* **PROVIDED MATERIAL**:
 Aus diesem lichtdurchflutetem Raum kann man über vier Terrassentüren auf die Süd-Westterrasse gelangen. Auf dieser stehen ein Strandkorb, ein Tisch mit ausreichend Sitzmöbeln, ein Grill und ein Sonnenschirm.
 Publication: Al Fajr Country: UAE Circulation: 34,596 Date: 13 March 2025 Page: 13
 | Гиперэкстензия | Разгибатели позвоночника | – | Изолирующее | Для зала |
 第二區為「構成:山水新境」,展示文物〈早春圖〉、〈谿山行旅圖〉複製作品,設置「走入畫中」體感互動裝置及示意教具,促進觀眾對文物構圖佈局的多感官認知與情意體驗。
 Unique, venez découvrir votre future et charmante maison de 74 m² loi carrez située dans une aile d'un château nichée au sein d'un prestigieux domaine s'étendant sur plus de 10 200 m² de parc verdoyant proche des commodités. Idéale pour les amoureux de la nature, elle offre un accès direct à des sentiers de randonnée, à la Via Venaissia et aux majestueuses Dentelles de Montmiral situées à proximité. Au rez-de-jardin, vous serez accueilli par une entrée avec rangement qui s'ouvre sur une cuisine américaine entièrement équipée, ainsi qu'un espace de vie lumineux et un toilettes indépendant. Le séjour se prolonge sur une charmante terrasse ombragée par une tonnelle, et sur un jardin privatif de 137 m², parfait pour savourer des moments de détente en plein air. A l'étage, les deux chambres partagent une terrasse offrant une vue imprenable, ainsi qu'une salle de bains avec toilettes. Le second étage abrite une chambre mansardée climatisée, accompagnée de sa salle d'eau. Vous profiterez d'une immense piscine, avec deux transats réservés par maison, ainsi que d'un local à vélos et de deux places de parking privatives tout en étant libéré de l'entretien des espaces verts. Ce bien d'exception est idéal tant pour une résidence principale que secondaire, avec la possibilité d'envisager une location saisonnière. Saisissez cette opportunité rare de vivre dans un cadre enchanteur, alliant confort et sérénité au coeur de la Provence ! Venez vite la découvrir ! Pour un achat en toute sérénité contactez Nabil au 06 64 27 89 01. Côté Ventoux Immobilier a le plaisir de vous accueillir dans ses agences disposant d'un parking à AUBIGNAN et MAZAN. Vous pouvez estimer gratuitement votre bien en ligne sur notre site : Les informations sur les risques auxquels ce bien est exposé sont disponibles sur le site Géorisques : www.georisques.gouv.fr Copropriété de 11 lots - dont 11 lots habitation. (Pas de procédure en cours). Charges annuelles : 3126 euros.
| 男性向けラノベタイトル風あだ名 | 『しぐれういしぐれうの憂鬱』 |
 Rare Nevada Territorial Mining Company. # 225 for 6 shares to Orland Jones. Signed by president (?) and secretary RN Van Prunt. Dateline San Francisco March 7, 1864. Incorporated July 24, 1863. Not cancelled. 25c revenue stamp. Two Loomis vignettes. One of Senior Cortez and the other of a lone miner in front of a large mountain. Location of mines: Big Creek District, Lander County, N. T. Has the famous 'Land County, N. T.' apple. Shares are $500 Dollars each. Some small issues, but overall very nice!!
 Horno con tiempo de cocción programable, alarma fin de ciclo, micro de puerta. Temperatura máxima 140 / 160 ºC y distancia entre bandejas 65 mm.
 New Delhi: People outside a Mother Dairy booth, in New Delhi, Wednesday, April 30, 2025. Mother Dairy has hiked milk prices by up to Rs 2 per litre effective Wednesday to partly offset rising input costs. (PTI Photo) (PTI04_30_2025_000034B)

* **YOUR ASSIGNMENT**: Copy the lines above exactly. Start with the line containing "Изолирующее | Для зала |", end with the line containing "第二區為「構成:山水新境」,展示文物〈早", and include both.

* **TASK RESPONSE**:
 | Гиперэкстензия | Разгибатели позвоночника | – | Изолирующее | Для зала |
 第二區為「構成:山水新境」,展示文物〈早春圖〉、〈谿山行旅圖〉複製作品,設置「走入畫中」體感互動裝置及示意教具,促進觀眾對文物構圖佈局的多感官認知與情意體驗。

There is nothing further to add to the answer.